* _Task details_
Below are several entries. Transcribe exactly those lines that fall from the one with "娜扎西装外套搭配超短裙,一头" through the one with "W zestawie 6", end lines included.

(Dataset excerpts)

-*-

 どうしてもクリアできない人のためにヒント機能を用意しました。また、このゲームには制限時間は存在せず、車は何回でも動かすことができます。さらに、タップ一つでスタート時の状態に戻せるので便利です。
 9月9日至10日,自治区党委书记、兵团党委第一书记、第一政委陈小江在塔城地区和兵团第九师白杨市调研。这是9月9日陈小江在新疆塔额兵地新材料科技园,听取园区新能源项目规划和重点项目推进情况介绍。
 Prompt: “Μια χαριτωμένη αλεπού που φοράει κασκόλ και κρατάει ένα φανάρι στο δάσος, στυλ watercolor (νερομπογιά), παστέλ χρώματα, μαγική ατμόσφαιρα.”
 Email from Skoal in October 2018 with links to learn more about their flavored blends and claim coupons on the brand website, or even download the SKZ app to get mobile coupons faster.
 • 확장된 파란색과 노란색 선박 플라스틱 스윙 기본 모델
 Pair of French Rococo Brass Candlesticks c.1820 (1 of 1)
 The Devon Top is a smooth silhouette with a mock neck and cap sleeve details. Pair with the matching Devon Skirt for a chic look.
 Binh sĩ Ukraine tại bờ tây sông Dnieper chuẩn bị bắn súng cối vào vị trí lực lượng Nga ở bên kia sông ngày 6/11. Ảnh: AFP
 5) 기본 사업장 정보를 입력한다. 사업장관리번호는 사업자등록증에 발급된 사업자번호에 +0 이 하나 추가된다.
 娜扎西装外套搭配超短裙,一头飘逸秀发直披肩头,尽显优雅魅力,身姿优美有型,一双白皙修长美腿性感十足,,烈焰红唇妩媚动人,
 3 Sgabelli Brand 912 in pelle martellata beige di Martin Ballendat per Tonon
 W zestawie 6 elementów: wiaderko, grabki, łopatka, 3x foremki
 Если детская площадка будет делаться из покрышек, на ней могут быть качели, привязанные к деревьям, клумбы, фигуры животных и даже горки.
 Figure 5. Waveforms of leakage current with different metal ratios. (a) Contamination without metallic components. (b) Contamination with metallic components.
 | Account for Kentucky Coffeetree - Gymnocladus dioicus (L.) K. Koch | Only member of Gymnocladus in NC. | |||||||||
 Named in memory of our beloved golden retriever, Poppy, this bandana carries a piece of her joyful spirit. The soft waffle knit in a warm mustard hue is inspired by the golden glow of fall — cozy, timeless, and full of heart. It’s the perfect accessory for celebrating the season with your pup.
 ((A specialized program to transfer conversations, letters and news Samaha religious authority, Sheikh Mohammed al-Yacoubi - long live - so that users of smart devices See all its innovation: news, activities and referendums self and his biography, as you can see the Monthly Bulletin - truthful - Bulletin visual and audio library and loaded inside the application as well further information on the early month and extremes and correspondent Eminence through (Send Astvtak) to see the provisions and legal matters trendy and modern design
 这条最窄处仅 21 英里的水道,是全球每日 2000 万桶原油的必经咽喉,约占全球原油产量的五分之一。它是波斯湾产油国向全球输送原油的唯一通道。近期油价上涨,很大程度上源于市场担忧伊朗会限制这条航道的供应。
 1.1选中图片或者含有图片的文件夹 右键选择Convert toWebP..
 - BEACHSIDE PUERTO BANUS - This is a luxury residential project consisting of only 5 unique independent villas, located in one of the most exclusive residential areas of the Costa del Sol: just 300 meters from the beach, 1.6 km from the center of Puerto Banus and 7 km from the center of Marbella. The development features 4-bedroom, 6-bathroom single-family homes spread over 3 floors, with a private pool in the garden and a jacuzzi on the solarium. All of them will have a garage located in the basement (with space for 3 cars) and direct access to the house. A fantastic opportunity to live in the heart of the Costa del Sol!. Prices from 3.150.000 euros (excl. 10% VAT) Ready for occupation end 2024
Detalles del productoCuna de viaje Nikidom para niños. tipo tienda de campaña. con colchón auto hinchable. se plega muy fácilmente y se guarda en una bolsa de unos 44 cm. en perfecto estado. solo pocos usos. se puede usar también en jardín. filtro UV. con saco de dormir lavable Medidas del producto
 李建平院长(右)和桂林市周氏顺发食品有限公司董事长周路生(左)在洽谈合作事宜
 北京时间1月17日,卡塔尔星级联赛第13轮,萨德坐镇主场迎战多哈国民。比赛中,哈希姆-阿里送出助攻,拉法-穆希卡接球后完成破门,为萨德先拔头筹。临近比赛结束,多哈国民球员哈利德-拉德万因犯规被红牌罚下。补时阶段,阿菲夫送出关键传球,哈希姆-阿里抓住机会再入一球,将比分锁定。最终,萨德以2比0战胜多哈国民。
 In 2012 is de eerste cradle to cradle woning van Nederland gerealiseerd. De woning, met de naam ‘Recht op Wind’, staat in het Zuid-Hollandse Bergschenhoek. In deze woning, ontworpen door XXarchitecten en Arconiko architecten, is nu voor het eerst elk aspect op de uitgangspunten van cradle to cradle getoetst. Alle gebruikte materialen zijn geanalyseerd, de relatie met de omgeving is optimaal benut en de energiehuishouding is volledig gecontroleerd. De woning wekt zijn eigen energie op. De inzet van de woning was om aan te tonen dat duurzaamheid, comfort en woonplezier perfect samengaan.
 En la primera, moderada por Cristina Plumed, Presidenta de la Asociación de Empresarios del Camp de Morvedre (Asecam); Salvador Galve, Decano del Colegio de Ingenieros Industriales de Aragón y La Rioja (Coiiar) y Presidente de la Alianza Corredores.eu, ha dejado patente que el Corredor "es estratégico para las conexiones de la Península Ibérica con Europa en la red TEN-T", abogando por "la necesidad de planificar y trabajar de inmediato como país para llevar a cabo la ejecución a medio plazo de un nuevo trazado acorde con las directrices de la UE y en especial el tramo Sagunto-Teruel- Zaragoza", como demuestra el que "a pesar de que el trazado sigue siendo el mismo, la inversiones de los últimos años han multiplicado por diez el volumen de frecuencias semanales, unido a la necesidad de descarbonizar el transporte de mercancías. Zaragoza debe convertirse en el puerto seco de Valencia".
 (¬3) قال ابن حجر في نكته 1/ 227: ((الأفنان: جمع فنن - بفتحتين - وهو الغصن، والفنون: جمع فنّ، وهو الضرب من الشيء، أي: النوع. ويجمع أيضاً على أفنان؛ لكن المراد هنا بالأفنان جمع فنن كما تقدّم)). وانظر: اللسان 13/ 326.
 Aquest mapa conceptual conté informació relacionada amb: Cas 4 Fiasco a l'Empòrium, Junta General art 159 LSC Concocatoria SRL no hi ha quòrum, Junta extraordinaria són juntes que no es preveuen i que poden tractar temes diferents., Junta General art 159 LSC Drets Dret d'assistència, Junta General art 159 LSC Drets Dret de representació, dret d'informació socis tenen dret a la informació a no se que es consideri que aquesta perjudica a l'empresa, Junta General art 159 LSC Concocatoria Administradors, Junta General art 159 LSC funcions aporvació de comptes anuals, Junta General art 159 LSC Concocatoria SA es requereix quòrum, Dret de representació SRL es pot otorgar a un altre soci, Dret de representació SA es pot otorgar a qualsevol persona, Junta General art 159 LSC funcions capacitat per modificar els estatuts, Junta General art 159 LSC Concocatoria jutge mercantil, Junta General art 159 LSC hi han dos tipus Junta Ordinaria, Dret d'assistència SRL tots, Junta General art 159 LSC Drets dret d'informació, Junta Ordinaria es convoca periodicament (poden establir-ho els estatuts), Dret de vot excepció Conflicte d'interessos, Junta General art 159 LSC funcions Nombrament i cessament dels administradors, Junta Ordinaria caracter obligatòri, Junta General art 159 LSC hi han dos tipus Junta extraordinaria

-*-

* _Reply_
 娜扎西装外套搭配超短裙,一头飘逸秀发直披肩头,尽显优雅魅力,身姿优美有型,一双白皙修长美腿性感十足,,烈焰红唇妩媚动人,
 3 Sgabelli Brand 912 in pelle martellata beige di Martin Ballendat per Tonon
 W zestawie 6 elementów: wiaderko, grabki, łopatka, 3x foremki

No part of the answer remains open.